The full report Five data center predictions for 2022 is available here.

Flexibility drives cloud lock-in risk

Flexibility drives cloud lock-in risk

Vendor lock-in is regularly levied as a criticism of cloud services. But the reality of IT is, there has always been lock-in. Even before cloud, enterprises were locked into hardware, operating systems, database platforms, data centers and network providers. Practically, the lock-in challenge with cloud isn’t that moving from one location or platform is not possible — it’s that the cost of moving can negate the benefit of doing so.

Cloud’s highly flexible model is a driver of lock-in. At the core of the cloud model, there are still data centers, servers and operating systems. Cloud has been revolutionary because of its pricing model, not necessarily because of the core technology.

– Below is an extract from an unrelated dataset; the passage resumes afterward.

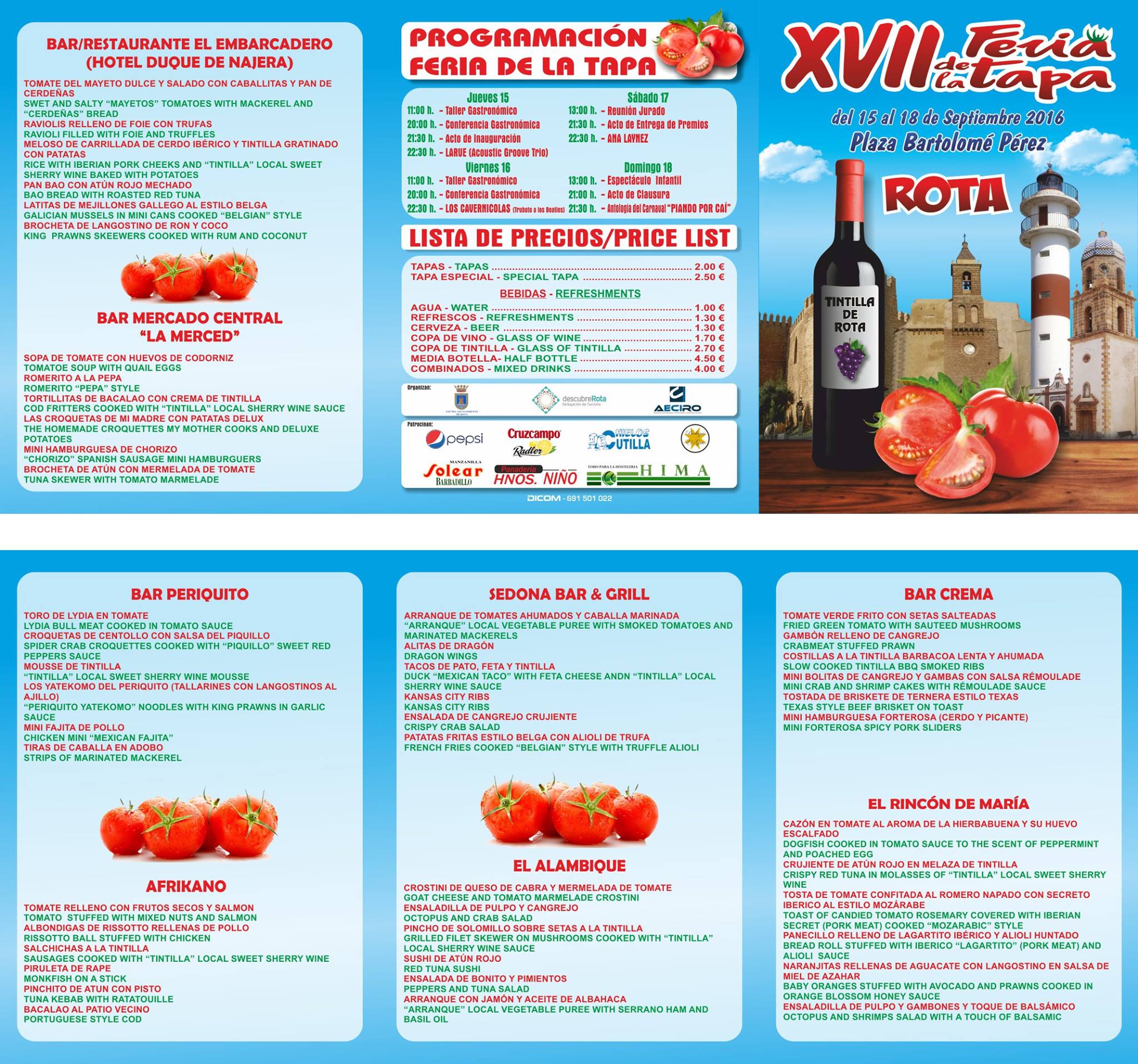 Aprovechamos para contaros que desde el próximo jueves 15 hasta el domingo 18 de septiembre se celebra en Rota la XVII de la Feria de la Tapa en la que participan ocho restaurantes de la ciudad ofreciendo cada uno ocho tapas, una de las cuales ha de estar elaborada con vino dulce tintilla de Rota y otra con tomate, ingrediente al que se dedica la feria en esta edición. Compartimos el folleto con toda la información para que la podáis disfrutar al máximo.

Rather than the buyer being concerned with capacity planning, for example, on-demand consumption allows users to consume the infrastructure they need with no capex, no advanced notification and no prepayment – buyers pay only for what they use, in arrears. The cloud provider is responsible for capacity planning and absorbs the risk of under- or overprovisioning.

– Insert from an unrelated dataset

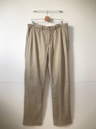 Pantalón chino clásico de hombre. Original, cómodo, atemporal. Muy versátil, tanto para look elegante como informal. Marca: Polo Ralph Lauren Color: Hueso / piedra / beige Talla: W34 L34 Comprobar medidas para asegurar el ajuste perfecto! Medidas: - Cintura: 45 cm - Tiro delantero: 30,5 cm - Tiro trasero: 42 cm - Ancho muslo: 33 cm - Ancho tobillo: 22 cm - Largo: 116 cm Material: 100% algodón Detalles: - Cinco bolsillos - Cintura con trabillas, cierre con cremallera y botón - Icónico logo de pony bordado en la parte trasera Estado: Perfecto, sin defectos Descubre más prendas similares en mi perfil. Haz pack y ahorra en el envío.
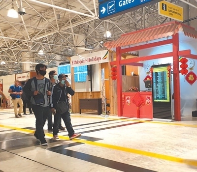 旅客經(jīng)過(guò)埃塞俄比亞博萊國(guó)際機(jī)場(chǎng)內(nèi)的中文服務(wù)臺(tái)。本報(bào)記者 萬(wàn) 宇攝

Lock-in is more of a threat when using cloud compared with non-cloud infrastructure because of this inherent flexibility. The buyer is free to consume what it needs when it needs it, but the cloud provider is free to make changes as well. The provider could increase prices spontaneously with only a few weeks’ or even days’ notice (although this doesn’t happen in practice today). This would not breach any contract, as the consumer would be made aware of the new price and would not be obliged to consume or pay if they do not think it is fair value.

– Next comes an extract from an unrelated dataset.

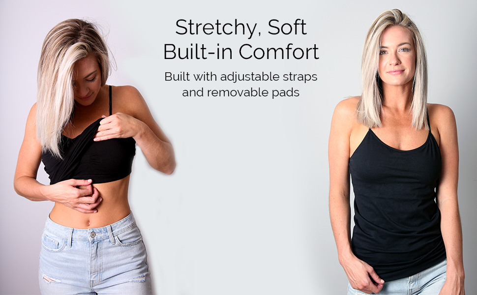 مواد عالية الجودة - القميص الداخلي الخاص بنا مع حمالة الصدر المدمجة مصنوع من مزيج من النايلون فائق النعومة والألياف اللدنة الذي يمنحك شعورًا بالراحة على بشرتك. يستخدم القميص الداخلي المبطن مع حمالة الصدر المدمجة نفس الفوط مثل حمالات الصدر القياسية، مما يوفر شكلاً ودعمًا ممتازين. القمصان الداخلية للسيدات مصنوعة في الولايات المتحدة الأمريكية، مما يضمن جودة الصناعة والمواد.

Realistically, few organizations can just “switch off” their mission-critical workloads because prices have gone up. They are locked into a venue as they always have been, but with cloud they are more beholden to price increases. Because price changes can happen quickly, if organizations decide to migrate to a different provider, they typically have only a few days’ notice to act before the increases take effect — and there are egress fees when exiting an existing cloud service (which can be significant), as well as ingress fees when joining a new service.

The cloud model does expose the buyer to unexpected price increases. However, if cloud providers spontaneously reduce their prices, buyers receive instant cost savings. So far, cloud pricing overall has trended downward — but there are no guarantees this will always be the case. In 2018, Google increased the prices of its Maps API (a cloud service that allows its maps to be integrated into applications) by 1,400%. Developers didn’t have to use the Maps API if they didn’t agree with the price change — but for many, the API had already been integrated into their applications. When the change happened, they had two choices: switch off the app or pay the higher price. In this case, moving to a different maps provider would not be trivial. Developers would need to change the application code to communicate with a new mapping service.

With traditional enterprise-owned (on-premises) and colocation infrastructure, prices may go up — but these do not have such an immediate effect as an on-demand service. Server prices might increase, but this will only be seen at the next server refresh. Existing servers can be “sweated” for longer to delay the impact of price changes (by delaying a server refresh). Colocation costs might increase, but this would take effect at the end of the contract term (not considering fluctuations with consumption-based models). The colo buyer is given more time to decide if migrating out is worthwhile before feeling the effect of an increase, whereas a cloud buyer is effectively forced into an increase; any decisions can happen only after the fact.

While cloud pricing has and continues to trend downward, there are no guarantees for the future. A server in an on-premises or colo facility that has already been paid for is inherently more predictable cost-wise than the future purchase of cloud capacity. A fixed-term, fixed-price colo contract is explicitly more stable than on-demand cloud pricing. Cloud buyers should plan now for their options to move venues if sharp cost increases are anticipated, to avoid the excess costs an unplanned migration typically entails.